We were given the tour at Sun’s Executive Briefing Center. They showed the SunRays and other stuff and it was pretty nice to see up close the Black Box.

Afterwards, Mickos gave us a presentation about open source development and MySQL. He said that MySQL is like “New Orleans” of web apps in that if you want to control an important river, you need to control the important cities and this was the reason Sun acquired them. He also anticipated the question about superiority of Postgres, which is probably asked from him all the time. “When I joined MySQL, Postgres was better. Some say it still is. But who cares?”

He also started a discussion about “Why are web companies so closed?” – a poke directed among others Google, who benefit a lot from GPL software, but due to a loophole in the agreement can get away without publishing their improvements because the software isn’t redistributed. This is what he calls the hypocrisy of open source: “People just want to get stuff for free”.

Like Hawkins, he said that the most important thing for startup business is category-leadership. One advice he gave for Finnish start-ups was “not to be Finnish”: MySQL didn’t have sales offices in Nordics, only in the US. Other thing was that if something sounds good in Finland, it takes 10-15 years for until it’s widely accepted as a good thing, so don’t go to market too early. “There’s still time to make a Google-killer”, he said.

This was one of the best sessions we had, not only because Mickos isn’t there anymore and looks like Sun won’t be either but also because we got vodka and swag. You could see there was an economic crisis, because elsewhere we didn’t get anything.

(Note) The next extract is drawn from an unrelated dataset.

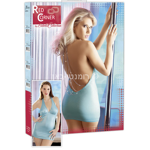 גב חשוף עם שרשראות עדינות ומבריקות בגב.
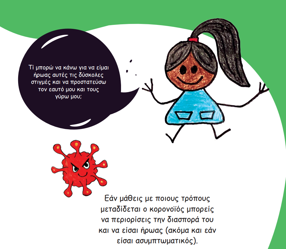 «Βλέπεις αυτό το μικρό πλασματάκι? Όσο μικρό και αθώο και να φαίνεται, είναι κακό, και καταφέρνει να κρύψει τον πραγματικό του εαυτό με μεγάλη άνεση. Είναι ένας ιός που ονομάζεται κορονοϊός, αλλά ίσως να τον ξέρεις και ως “COVID-19” ή “SARS-Cov-2”. Παρ’ όλο που είναι κακός, είναι περίπου 4.000 φορές μικρότερος από μυρμήγκι»

Nexit Ventures / Michel Wendell

Wendell, from Nexit Ventures, a VC firm interested in Nordic IT startups, told how the VC market works and what kind of mistakes Finnish companies usually make. He told how he ended up in the business of helping Nordic companies make it in the US. Being a VC has lot to do with knowing people.

Lots of interesting discussion, but it was late in the evening and it’s pretty hard to upstage either Hawkins or Mickos.

IDEO

We got a standard theme park tour at IDEO. If you have seen the documentaries on TV or at YouTube, there’s not much to see. I was surprised that they actually avoid any systematic or analytical approach to design and focus more on a holistic, iterative and therefore probably pretty expensive (to the client) approach. As a case study they presented Nokia N-Gage platform they did concept work for. A surprising choice, because not only being old was also a spectacular flop. I guess they thought that being from Finland and the course given by ex-CTO of Nokia, we’d be interested in Nokia or something. If we were, we probably didn’t need to come all the way to Palo Alto for that.

Stanford University / VHIL

At Stanford, we got a nice presentation from Jeremy Bailenson from Virtual Human Interaction Lab. He was talking about the Proteus Effect, or how avatars change humans and their behaviour. For example, even though Blizzard has nothing in World of Warcraft code that gives advantage to taller avatars, they nevertheless level up faster than shorter ones. Also, taller avatars get better results in the Ultimatum Game, the real world height of the human is irrelevant. As I’m interested in behavioral decision making, it was nice to see that it might be possible to do empirical studies in virtual worlds, where we can control many variables that social sciences haven’t been in the real world.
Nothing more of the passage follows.